Freelancing is amazing, but it can be a little lonely. A typical office has lots of social interaction with colleagues. But as a freelancer, your laptop will be your main co-worker! 

However, with remote work on the rise, many cities have co-working spaces where freelancers can come together in person. You can also join online communities for freelancers to make friends and find support. 

If you’re an introvert, freelancing will be perfect for you. But as an extrovert, you’ll need to prioritize looking for social interaction in your freelance career. It’s possible, but it will take more effort than an in-office employee role would. 

How do you know which role is best for you? 

As a young, new creative, it’s the perfect time to take a calculated risk. Freelancing can yield amazing rewards and even result in a business that will last you a lifetime. 

But freelancing when you’re young can also help you land employment opportunities later on. When you first move into the adult world, it’s hard to get hired without real experience in your niche. Freelancing lets you develop a portfolio, learn hands-on skills, and generate results, even when you’re young. 
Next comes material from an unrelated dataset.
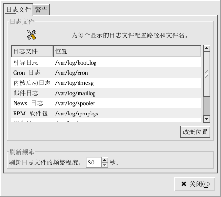 这个应用程序只能显示存在的日志文件;因此,其列表可能会与图 29-1所示的略有不同。要查看它能够查看的完整日志列表,请参见配置文件 /etc/sysconfig/redhat-logviewer。

And as a young adult, you’re likely on your own, which means you don’t have to necessarily think about insurance or steady pay right now. You can take steps toward your goals while living the type of creative, fun life you want!

If you’re enticed by the idea of working for yourself and making your own money while being in control, freelancing could be perfect for you. And if you’re creative, there are SO MANY opportunities for freelancers to generate lots of revenue and work on unique projects. 


Trying to decide between freelance vs. employee might seem overwhelming. But there is no wrong choice here! Either way, you’ll be able to make an income while doing what you love.